Saving cats with IoT : Part Two

The basic solution we’re going to build here is as follows (see part one for more information)

1) Build the project into a box using an ESP8266 and a VL53L0X time of flight sensor.

2) Send array of 320 distance measurements for any 16 second period where someone may have crossed the laser. Why 320? arbitrary, I was plotting the moving average on a TFT screen in version 1 and it had 320 pixels across …

3) Data is sent to AWS IoT Core and then a Rule Engine Action sends to AWS IoT Analytics.

4) Every hour, run a query on IoT Analytics to pull the last 14 days of measurement data. Doesn’t have to be 14 days, or run every hour, but that’s what I’m using.

5) Trigger a container dataset that executes the custom analysis when the SQL dataset has completed, this is the Jupyter notebook that will parse the data extracted in 4) and determine if we need to alert anyone about the cats or not.

The SQL query for (4) looks like this;

The output from the notebook, which shows a heat map of activity along with the most recent door crossing looks like this;

Using IoT to save Cats – what the internet was made for!

My wife had a cheery thought the other week, “How to do we provide for our cats when we’re gone?” This turned into a discussion of what would happen if we were both run over by a bus or died in a plane crash – who would feed the cats before it was too late? Morbid as it may be, there is a real problem to solve here as cats can only survive a matter of days without water and hepatic lipidosis can be kill a starving cat in just a few days too – so there’s actually quite a narrow window for help to arrive, and as we both live thousands of miles from our families, there are several scenarios that could mean help wouldn’t arrive until after it was too late.

So what to do?

Well, turn to IoT of course! I now have a challenge – how do we alert friends and family to the urgent cat peril should the worst happen? After ruling out various camera related options, pressure sensors under food bowls and water level sensors, I arrived at the simple conclusion that provided we could detect humans crossing into the kitchen, where the cat food is, then we could assume that all was well (when we’re away on vacation, we have cat sitters that look after the house and the cats).

Now that we’ve turned the problem into one of how to detect humans entering the kitchen, it’s much more fun. At first I was tempted to use an ultrasonic range detector to determine if people were walking through the kitchen door, but in theory cats can hear the ultrasonic frequencies concerned and whilst our 2 cats didn’t seem to notice it at all, rather than cause them any long term stress I went looking for another option.

Enter the tiny VL53L0X time of flight sensor that can measure accurately distances up to about 1200mm, which is perfect for measuring whether someone is coming through a doorway or not.

Using an ESP8266 based MCU from Adafruit, I soon had the sensor all packaged up in a small project box and secured to the kitchen door. As you can see, I put the power connector on the wrong side of the box (or the window for the TOF sensor, depending on how you look at it) – but it’s connected up and works a treat.

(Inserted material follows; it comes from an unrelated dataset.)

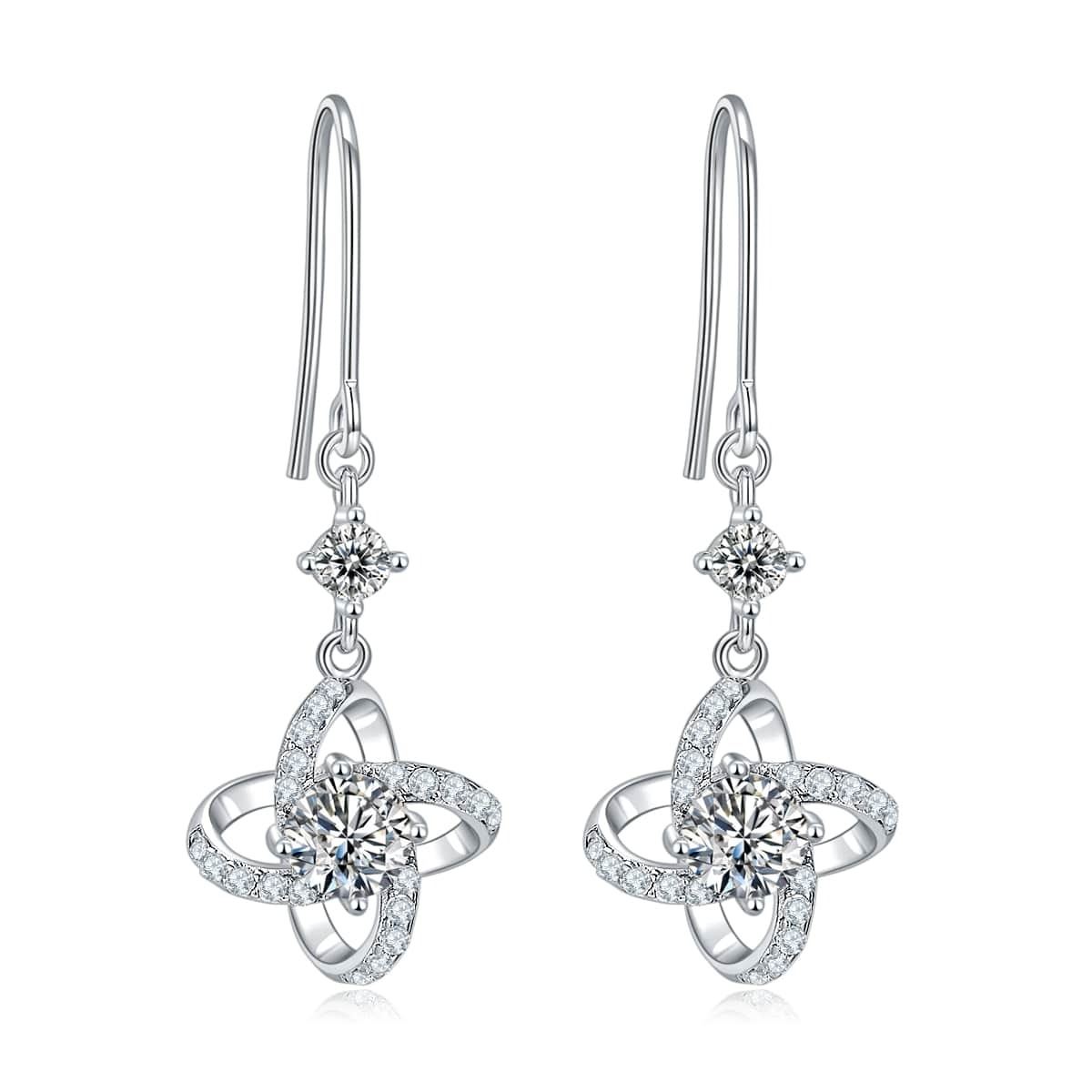 These Beautiful VVS1 Moissanite Earrings Are Near Flawless and bursting out with a full spectrum of colors. The Color is White I-J. They are mounted in .925 solid sterling silver. They are complimented 14 Kt White Gold Overlay, which gives these earrings their high polish and shine. They are also tarnish resistant and the total weight is approx.2.2 grams. With a refractive index of 2.65-2.69, this Moissanite exhibits more brilliance than a natural diamond thanks to a dispersion that is 2.4 times higher. They are also conflict free and earth friendly. These exceptional Moissanite earrings measure 9.25 on the mohs hardness scale and will test positive for a diamond with almost any diamond tester.

As you can see, Mette the cat is most impressed!

The software on the Micro-controller calculates and stores the moving average of the reported distance in front of the sensor every 50ms for 320 samples (so 16 seconds of time). If it detects that something has happened, it sends all 320 samples to AWS IoT for additional analysis, otherwise it sends nothing to save on data that isn’t useful.

Plotting the data that arrives when something has been detected results in graphs a bit like this;

Notice how the observed distance is typically around 900mm (the distance across the door) but when someone walks in front, there is an easily recognisable pulse that we can use to state that someone has walked in or out of the kitchen – and since that is where the cat food lives, we can make the further assumption that someone is feeding the cats.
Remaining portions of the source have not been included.